3. Applications in single-cell (multi-)omics An appealing feature of split-pool barcoding is that it is highly customizable. In addition to scRNA-seq using this approach, first described in 2017 (28), split-pool barcoding has been successfully adapted to study single-cell genome sequencing (37), ATAC-seq (31), DNA methylation (38) and Hi-C (39) with improved throughput and sensitivity. One group recently optimized the barcoding strategy and chemistry of ATAC-seq in order to profile the chromatin accessibility networks of nearly one million human fetal cells (40). Another study developed a split-pool barcoding protocol for studying dynamics of single-cell transcription by labelling newly synthesized mRNA (41), and successfully characterized the dynamics of cell cycle regulation and receptor activation after cortisol stimulation. Fewer single cell multiomics approaches based on split-pool barcoding have been developed. The first assay for joint profiling of chromatin accessibility and transcriptome was described in 2018 (32), in which both reverse transcription (RNA-seq indexing) and transposase-induced transposition (ATAC-seq indexing) are performed on cell-containing wells, which enables parallel preparation of both libraries in subsequent steps. This study successfully identified the relationship between epigenetic landscapes and underlying gene expression programs including in adult mouse kidney. More recently improved protocols for measuring both single cell RNA and chromatin accessibility have been developed with gene detection sensitivity comparable to droplet microfluidics methods and with improved throughput (8,30). We note that many single-cell omics technologies built on droplet microfluidics may also be expanded to split-pool barcoding approaches. For example, joint profiling of single-cell and lineage history may also be adapted to split-pool barcoding profiling, using the same genetically engineered models mentioned above. Although the current number of studies leveraging split-pool barcoding is relatively limited, we envision future growth in these areas to leverage the high throughput, low cost and flexibility of this platform.

Other single-cell methods Beyond the two methods mentioned above that are currently widely used, several other techniques exist to manipulate single cells (42,43). Methods developed at the early stage of single-cell era, such as limiting dilution and micromanipulation, are usually low-throughput and require laborious pipetting and will not be reviewed in this article. Instead, we review a few single-cell manipulation methods that are still actively used, including circuit microfluidics, microwell(nanowell)-based assays, flow cytometry and mass cytometry (Figure 3). We highlight the importance of these methods since they are mostly compatible with full-length transcript identification protocols such as SMART-seq (44), and therefore, more illustrative of studying gene alternative splicing events such as exon skipping and intron retention, which are usually underrepresented in droplet microfluidics methods due to their 3’ end bias (45). In the end, we briefly review the newly emerged spatial transcriptomics technologies which can promote our understanding of cell identity in the tissue context.

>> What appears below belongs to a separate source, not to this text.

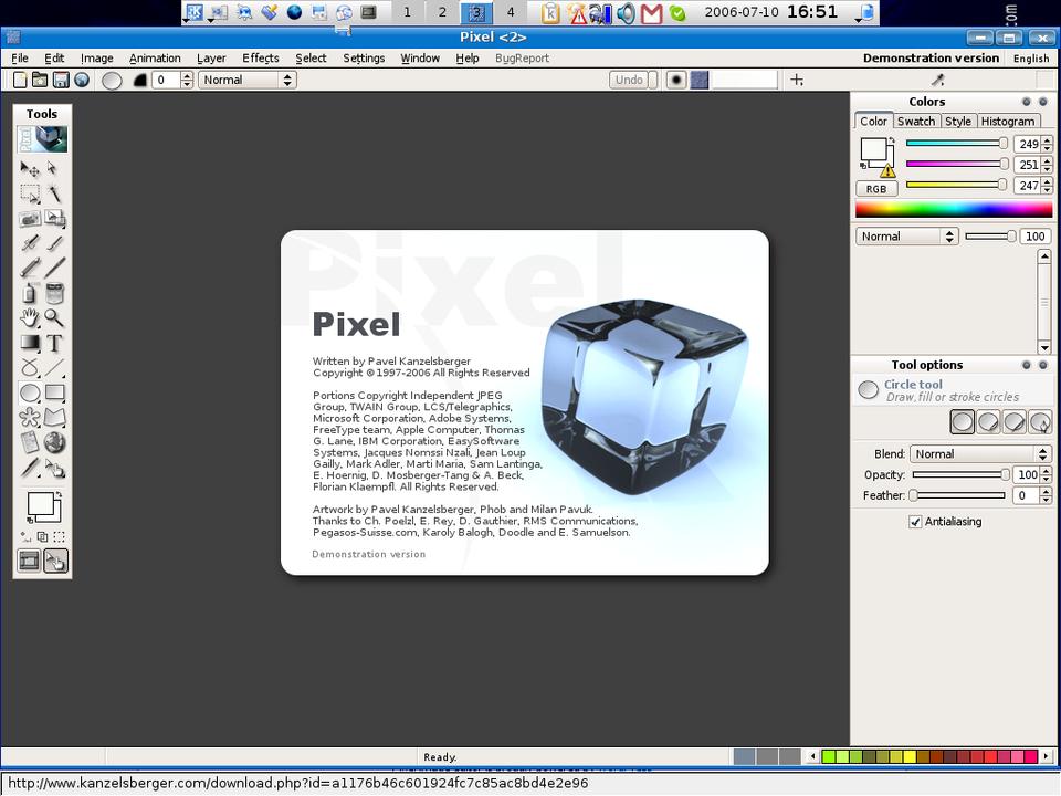 Because Pixel is not open source or free, it's not likely you will find it in a major distribution's repository. So, download a demo copy from www.kanzelsberger.com/pixel/?page_id=4. Installation is straightforward. Download the Linux .tar file, unpack it and click on the file to start program installation. Follow the instructions on-screen to finish the setup.

1. Circuit microfluidics Besides droplet-based microfluidics approaches, there exist other types of microfluidics devices for single-cell manipulation. A comprehensive review of microfluidics technologies can be found elsewhere (4,46). One actively used approach is circuit microfluidics, which enables automatic isolation and capture of hundreds of single cells from a cell suspension. This microfluidics system harnesses a microvalve to achieve accurate single-cell control and the microchannel structure is distinct from droplet microfluidics (47). A commercialized circuit microfluidics platform (48) uses an integrated microfluidic chip to capture cells with a specific size range, in which the quality of loaded cells can be evaluated under a microscope. In addition to scRNA-seq and scATAC-seq, this platform can be used to study single-cell multiomics including co-assay for scRNA-seq and scATAC-seq (49) and joint profiling of single-cell transcriptome and targeted proteome (50).

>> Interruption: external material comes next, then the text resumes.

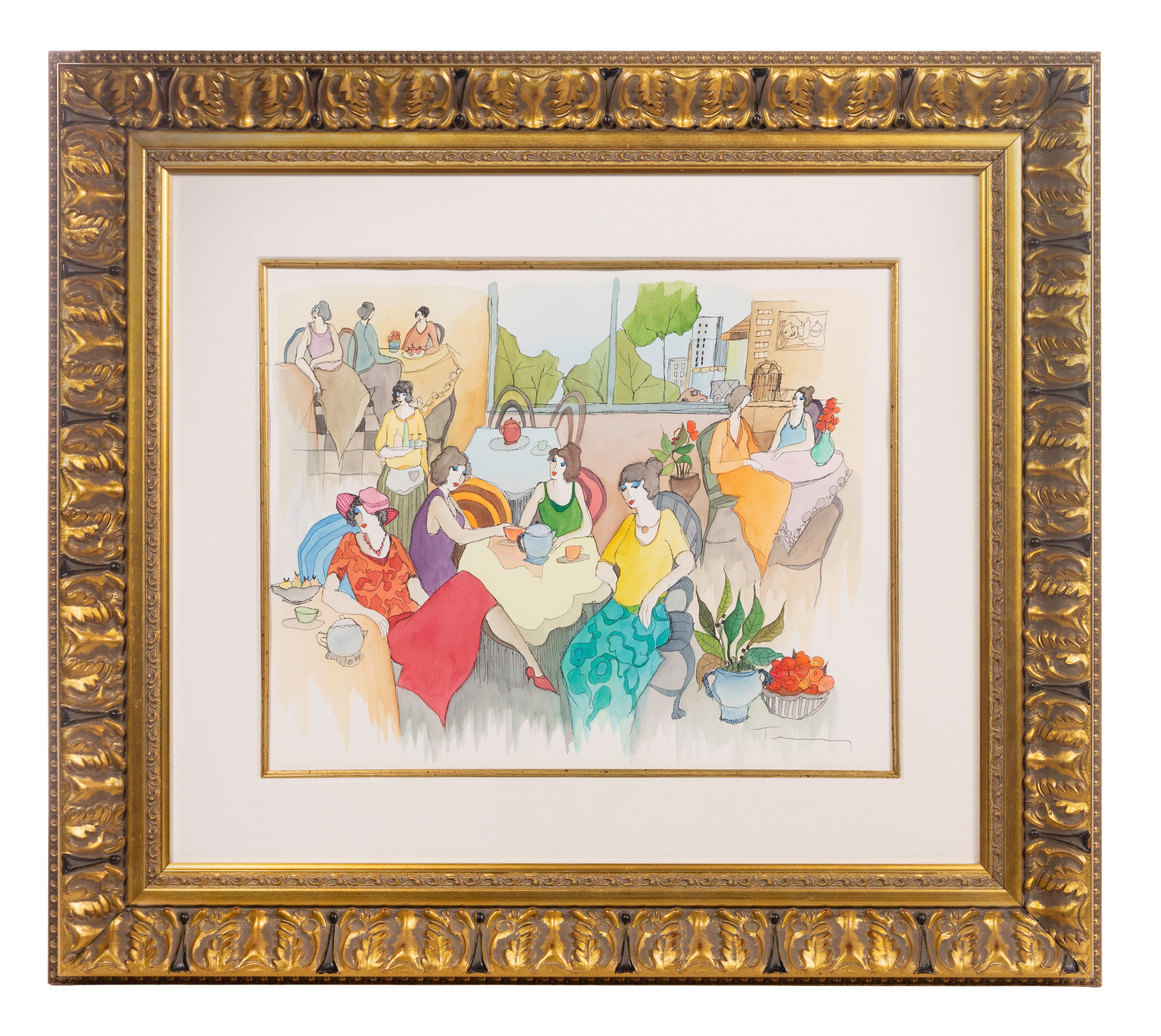 2005, signed, depicting ladies at lunch, matted under acrylic in a gold-tone painted wood frame, including paperwork

2. Microwell(nanowell)-based assays In microwell(nanowell)-based assays, the cell suspension is dispensed into a microarray containing many microwells (nanowells) which are sized to capture single cells. For single-cell indexing, beads bearing well-specific barcodes can be added to each well. Recent work has improved the throughput of these assays and reduced experimental costs by either improving the microarray fabrication technique (51) or developing automated platforms (52). Using this method, two studies generated a single cell Mouse Cell Atlas and a Human Cell Landscape, respectively by scRNA-seq (53,54). An assay for scATAC-seq (55) was also described and showed robust characterization of distinct types of hematopoietic cells. Compared to other high-throughput technologies, microwell(nanowell)-based assays also have advantages in reduced cell doublet rates and improved viability of captured cells, because it enables examining the morphology of deposited cells in each well under a microscope and removal of potential doublets.

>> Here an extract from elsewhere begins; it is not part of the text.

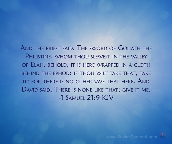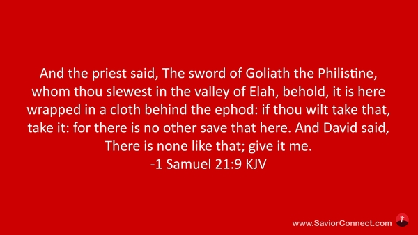 And the priest said, The sword of Goliath the Philistine, whom thou slewest in the valley of Elah, behold, it is here wrapped in a cloth behind the ephod: if thou wilt take that, take it: for there is no other save that here. And David said, There is none like that; give it me. -1 Samuel 21:9 KJV

3. Flow cytometry & mass cytometry There is a long history of using flow cytometry to quantitatively measure features (e.g. protein expression) of individual cells. Flow cytometry is still used to deliver single cells to a microchamber or multiwell plate containing cell-specific barcodes. Although low-throughput, these methods allow researchers to extract rare cells of interest (e.g. expressing certain cell markers) from a bulk cell suspension just before cells are lysed and single-cell reactions occur. Simultaneous measurements of RNA and chromatin accessibility (56), or RNA and (57), in sorted single cells have also been described. In addition, a fusion technology of flow cytometry and , called mass cytometry, is playing an important role in the field of single-cell (58). Compared to conventional flow cytometry that usually couples antibodies to fluorophores and is therefore limited in the number of identifiable features per cell, mass cytometry leverages antibodies conjugated with heavy-metal isotopes that can be quantified by mass spectrometry. This enables characterization of a broader repertoire of features with high specificity and throughput. Mass cytometry has been successfully applied in single-cell immunology and hematology studies (59,60), where well-defined cell surface markers can be harnessed as targets to discriminate different cell types.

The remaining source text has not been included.